The Belko Experiment review: it’s almost horror-satire, but it settles for splatter

A recent Hollywood Reporter interview about the cheapie horror movie The Belko Experiment reveals two nuggets of information that seem pretty relevant to how the film came out: reportedly, Guardians of the Galaxy director James Gunn got the plot hook from a dream, then banged out the script in a week. That explains a lot about how The Belko Experiment plays out, as a nightmarish but half-assed scenario where the emotions and the gore have impact, but the larger story behind them doesn’t. It could have used a few more weeks on the drafting table, to sharpen its ideas and give it priorities other than gore. There’s a freshly relevant, Get Out-level social satire lurking somewhere in the movie’s core conceits, but what actually made it to the screen feels much cheaper and easier.

Director Greg McLean (Wolf Creek) goes lean and low-budget with this bloody thriller, which manages to turn an immense office building into a suspiciously samey claustrophobic space. Belko Industries is a staffing corporation that helps international companies place American workers. Its Bogotá, Colombia office, located in an out-of-the-way rural area, operates under high security to guard against its employees being kidnapped.

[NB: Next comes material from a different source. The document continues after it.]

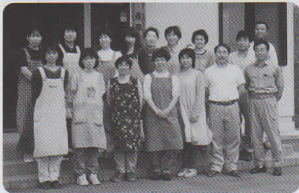
飛驒出張所の職員と整理作業員

高山市から国道41号線を北に走ると吉城郡国府町に入ります。“滝のしぶきと金蔵獅子の舞う飛驒国府”と町のキャッチフレーズにもあるように国宝安国寺経蔵や金蔵獅子の舞など有形無形の文化財が豊富な町です。飛驒出張所は町の南東の山裾にあります。出張所本館は軽量鉄骨平屋建で、クリーム色の外壁が背後の山々に映えています。飛驒地方の開発事業増大にともなう埋蔵文化財の記録保存を行うため平成8年1月に完成しました。

The generous benefits packaging includes a company apartment and a company car, but also a company tracking chip, surgically installed in employees’ heads so they can be found if they’re taken hostage. Then one day, new security guards show up and turn all the local staffers away. Shortly thereafter, thick metal shutters drop over the windows, and a voice informs the remaining 80 Belko employees on site that they can either start killing each other, or be remotely executed via the chips in their heads. Naturally, they resist at first, hoping it’s all a prank. The first few head-explosions prove it isn’t, order breaks down, and the bloody mayhem starts.

It takes a fair bit of time for The Belko Experiment to find its feet, because the cast is so large and the setup so rushed in order to get to the blood. Eventually, some key characters emerge out of the chaos. Tiresome romantic-lead exec Leandra (Adria Arjona) verbally pushes for an amoral everyone-for-themselves attitude, but spends most of the film urging others on instead of taking action herself. Her Everyman boyfriend Mike (The Newsroom’s John Gallagher Jr.) is more of a hero, personally standing up for decency and morality, and occasionally getting other people killed as a result. Their buddy Terry (Owain Yeoman) is terrified and willing to do anything to survive; their boss Barry (Tony Goldwyn), a former special-forces commando, is determined to take charge of the murder party and make it as clean and efficient as possible. And then there are other factors, like frightened but decent front-desk security guard Evan (James Earl); tight-lipped Dany (Melonie Diaz), who’s just started her first day on the job; dismissive stoner Marty (James Gunn’s brother Sean), who blames hallucinogens in the water coolers for the whole mess; and grinning sociopath Wendall Dukes (John C. McGinley), who seems to have waited his whole life for a catastrophe to let him off the chain.